▶ **Records for this exercise**
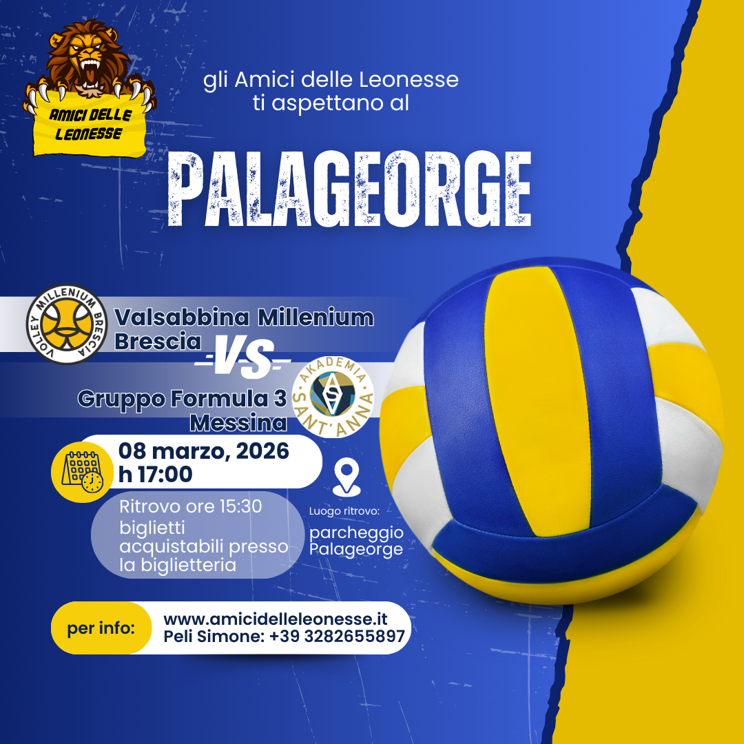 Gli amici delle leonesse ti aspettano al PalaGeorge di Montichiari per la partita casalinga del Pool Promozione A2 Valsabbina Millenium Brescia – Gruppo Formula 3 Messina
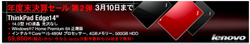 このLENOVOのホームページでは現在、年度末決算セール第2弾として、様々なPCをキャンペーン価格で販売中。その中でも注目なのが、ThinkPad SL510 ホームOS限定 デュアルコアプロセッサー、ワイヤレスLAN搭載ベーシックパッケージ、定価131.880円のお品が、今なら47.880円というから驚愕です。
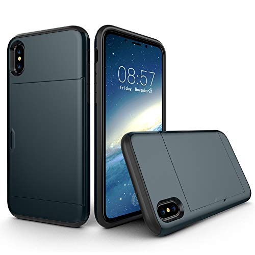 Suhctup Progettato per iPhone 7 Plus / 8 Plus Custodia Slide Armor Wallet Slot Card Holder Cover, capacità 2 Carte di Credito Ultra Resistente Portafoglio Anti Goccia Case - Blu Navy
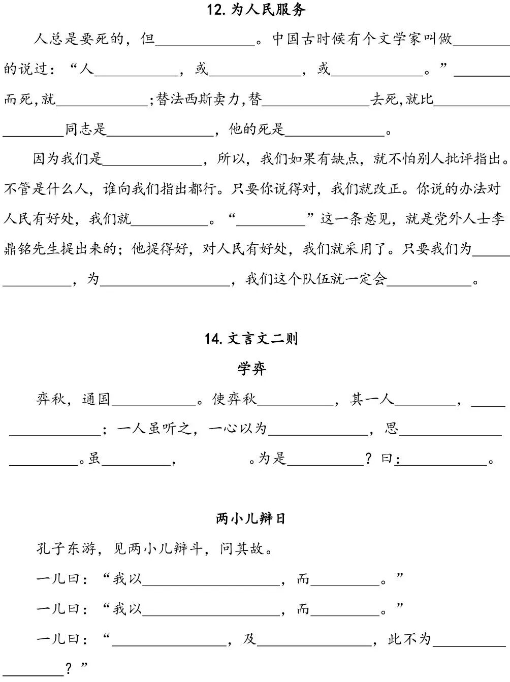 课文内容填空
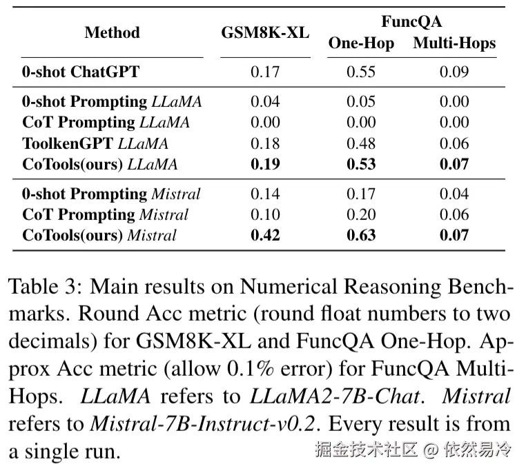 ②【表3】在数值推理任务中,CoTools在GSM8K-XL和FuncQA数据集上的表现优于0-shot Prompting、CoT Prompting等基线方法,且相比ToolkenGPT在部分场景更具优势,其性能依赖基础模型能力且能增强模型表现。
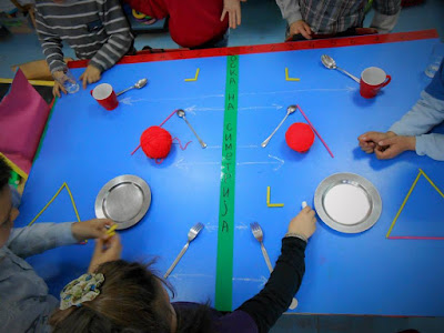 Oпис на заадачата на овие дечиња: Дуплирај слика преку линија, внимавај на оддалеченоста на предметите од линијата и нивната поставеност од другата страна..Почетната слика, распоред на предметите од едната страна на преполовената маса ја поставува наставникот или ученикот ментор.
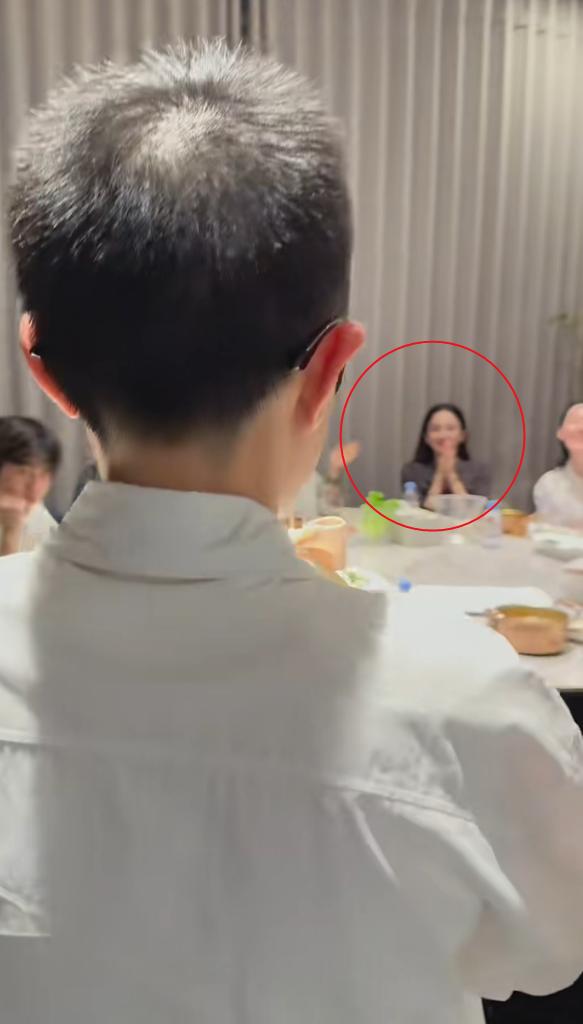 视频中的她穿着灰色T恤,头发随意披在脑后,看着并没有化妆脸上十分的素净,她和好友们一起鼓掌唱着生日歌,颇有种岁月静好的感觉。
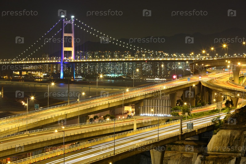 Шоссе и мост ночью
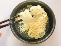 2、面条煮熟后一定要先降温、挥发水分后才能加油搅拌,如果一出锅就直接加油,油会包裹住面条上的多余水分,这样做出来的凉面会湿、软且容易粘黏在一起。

▶ **About this exercise**
Could you copy exactly, and with no pictures, the lines above from the one containing "Oпис на заадачата" through the last line, both included?

▶ **Answer to the exercise**
 Oпис на заадачата на овие дечиња: Дуплирај слика преку линија, внимавај на оддалеченоста на предметите од линијата и нивната поставеност од другата страна..Почетната слика, распоред на предметите од едната страна на преполовената маса ја поставува наставникот или ученикот ментор.
 视频中的她穿着灰色T恤,头发随意披在脑后,看着并没有化妆脸上十分的素净,她和好友们一起鼓掌唱着生日歌,颇有种岁月静好的感觉。
 Шоссе и мост ночью
 2、面条煮熟后一定要先降温、挥发水分后才能加油搅拌,如果一出锅就直接加油,油会包裹住面条上的多余水分,这样做出来的凉面会湿、软且容易粘黏在一起。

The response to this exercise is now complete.